PART 2 – Dealing with data

How WHO and other institutions have contributed to the improvements in efforts to collect mental health-related data

Part of the data and research problem is the lack of funding. In 2019, investment in mental health research amounted to about 50 cents per person per year, based on a population of 7.7 billion, and stark inequalities mean that only 2.4% of this funding was spent in low and middle-income countries. Only 33% of the total spent on mental health research involves adolescents.

Collecting data requires definitions of mental health conditions that can be applied in different settings and cultural contexts. Indeed, context can determine how mental health conditions present and how symptoms are interpreted. In addition, it is essential to capture information on experiences that do not necessarily meet the definitions of diagnosable disorders.

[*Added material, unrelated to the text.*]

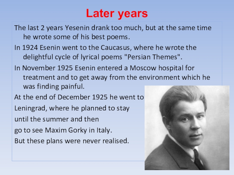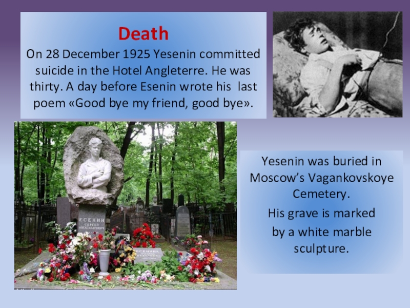 Yesenin was buried in Moscow’s Vagankovskoye Cemetery.

UNICEF, WHO, and other key partners have embarked on the ‘Measurement of Mental Health Among Adolescents at the Population Level’, or MMAP, a robust and methodological approach to collecting and managing mental health data for adolescents.

Research efforts are also underway to make critical links between mental health and social determinants that put children and young people at risk. For instance, CHANCES-6, a project of the Care Policy and Evaluation Centre at the London School of Economics, has engaged in a large-scale research program investigating the link between poverty, mental health, and life chances for young people from low-income backgrounds. The program was underway from 2018 to 2021 in Brazil, Colombia, Liberia, Malawi, Mexico, and South Africa. Their methods focused on examining the impact of cash transfer programs on mental health and the impact of mental health programs on poverty.